| Supplied information |
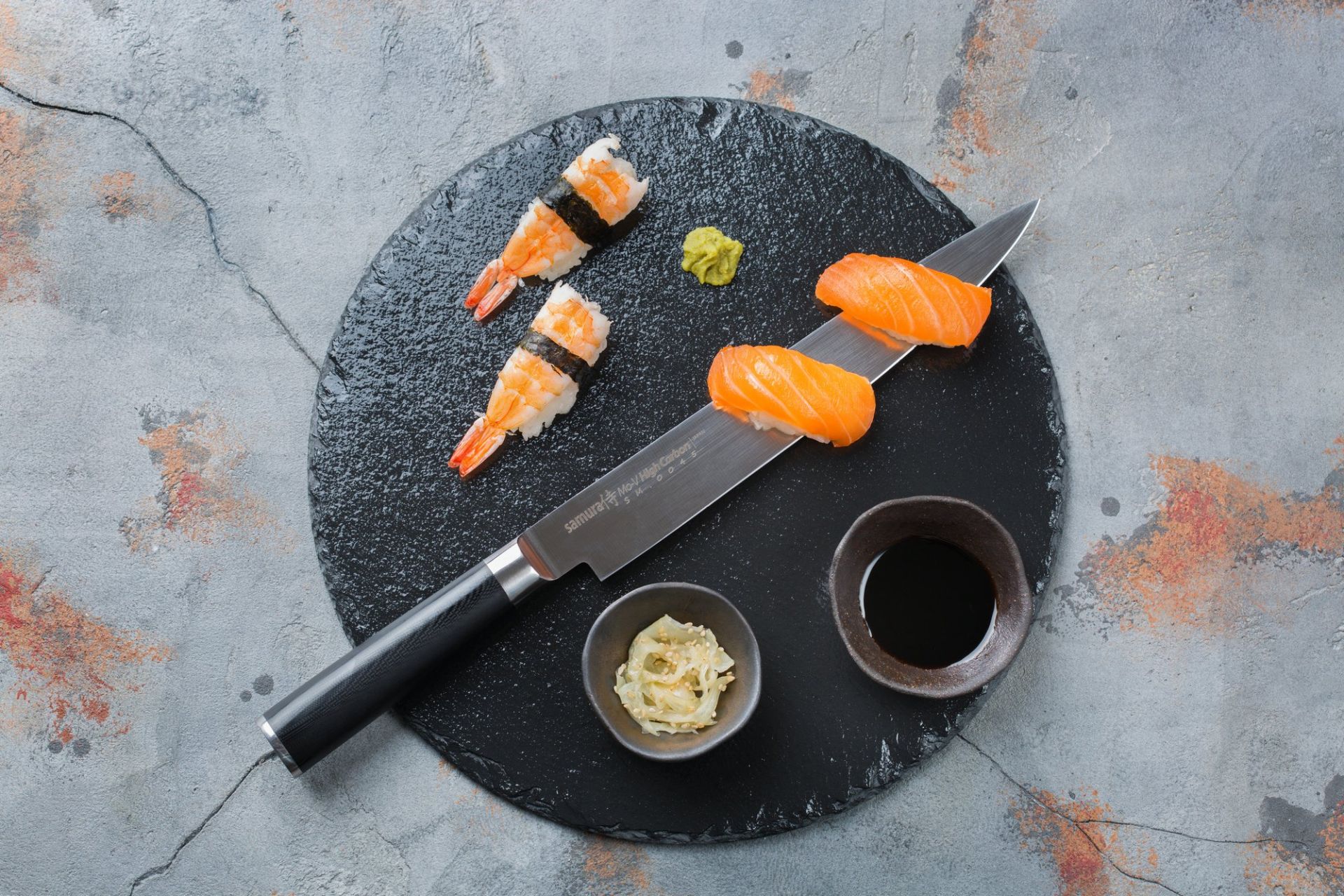 Plátkovací nůž Samura MO-V má úzkou, rovnou a dlouhou (23 cm) čepel, díky čemuž je tento nůž ideální pro porcování pečených nebo vařených žeber, hovězího masa, šunky a krůtího masa, kuřecího masa a ryb. Je nezbytný pro přípravu japonských národních pokrmů, včetně sushi, sashimi a rolek, je také schopen bez námahy oddělit velkou část masa. Jeho oválná čepel se neotáčí v dlani, umožňuje pečlivě kontrolovat proces krájení a snadno manipulovat s nožem.
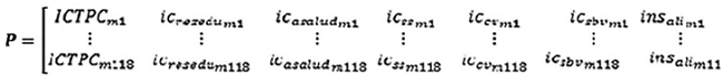 El bienestar se mide a partir de la variable “ingreso”, representada con el monto promedio de ingresos por hogar en cada municipio. Los derechos sociales se miden con seis variables: servicios básicos, calidad y espacios de la vivienda, alimentación, educación, salud y seguridad social, indicándose el porcentaje de hogares sin acceso a cada una de estas variables. La base de datos se representó de forma matricial en el programa Excel, con 118 municipios como filas y siete variables como columnas. La expresión matemática de la matriz de pobreza (P) es la siguiente:
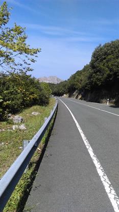 Le lendemain, après quelques kilomètres plutôt sympathiques (voir ci-dessous), étape particulièrement pénible, pour partie montagneuse certes, mais surtout parce que l'on suit en permanence la N-634 et ses lacets sans visibilité pour nous et surtout pour les véhicules motorisés qui arrivent en face alors qu'il n'existe aucune barrière de protection entre eux et nous et que l'espace entre eux et nous doit être de moins d'1 mètre, voire pas d'espace du tout dans certains virages. Ce sont sans doute des étapes comme celle-ci qui ont provoqué le désamour de la Cantabrie montré par Monsieur RUFFIN dans Immortelle Randonnée que je viens de lire après mon retour. Je ne voulais pas être pollué par des a priori, et je n'ai donc rien voulu lire sur le sujet avant mon départ.

| Task directions |
All of the material above should be output exactly, with the pictures left behind.

| Answer section |
 Plátkovací nůž Samura MO-V má úzkou, rovnou a dlouhou (23 cm) čepel, díky čemuž je tento nůž ideální pro porcování pečených nebo vařených žeber, hovězího masa, šunky a krůtího masa, kuřecího masa a ryb. Je nezbytný pro přípravu japonských národních pokrmů, včetně sushi, sashimi a rolek, je také schopen bez námahy oddělit velkou část masa. Jeho oválná čepel se neotáčí v dlani, umožňuje pečlivě kontrolovat proces krájení a snadno manipulovat s nožem.
 El bienestar se mide a partir de la variable “ingreso”, representada con el monto promedio de ingresos por hogar en cada municipio. Los derechos sociales se miden con seis variables: servicios básicos, calidad y espacios de la vivienda, alimentación, educación, salud y seguridad social, indicándose el porcentaje de hogares sin acceso a cada una de estas variables. La base de datos se representó de forma matricial en el programa Excel, con 118 municipios como filas y siete variables como columnas. La expresión matemática de la matriz de pobreza (P) es la siguiente:
 Le lendemain, après quelques kilomètres plutôt sympathiques (voir ci-dessous), étape particulièrement pénible, pour partie montagneuse certes, mais surtout parce que l'on suit en permanence la N-634 et ses lacets sans visibilité pour nous et surtout pour les véhicules motorisés qui arrivent en face alors qu'il n'existe aucune barrière de protection entre eux et nous et que l'espace entre eux et nous doit être de moins d'1 mètre, voire pas d'espace du tout dans certains virages. Ce sont sans doute des étapes comme celle-ci qui ont provoqué le désamour de la Cantabrie montré par Monsieur RUFFIN dans Immortelle Randonnée que je viens de lire après mon retour. Je ne voulais pas être pollué par des a priori, et je n'ai donc rien voulu lire sur le sujet avant mon départ.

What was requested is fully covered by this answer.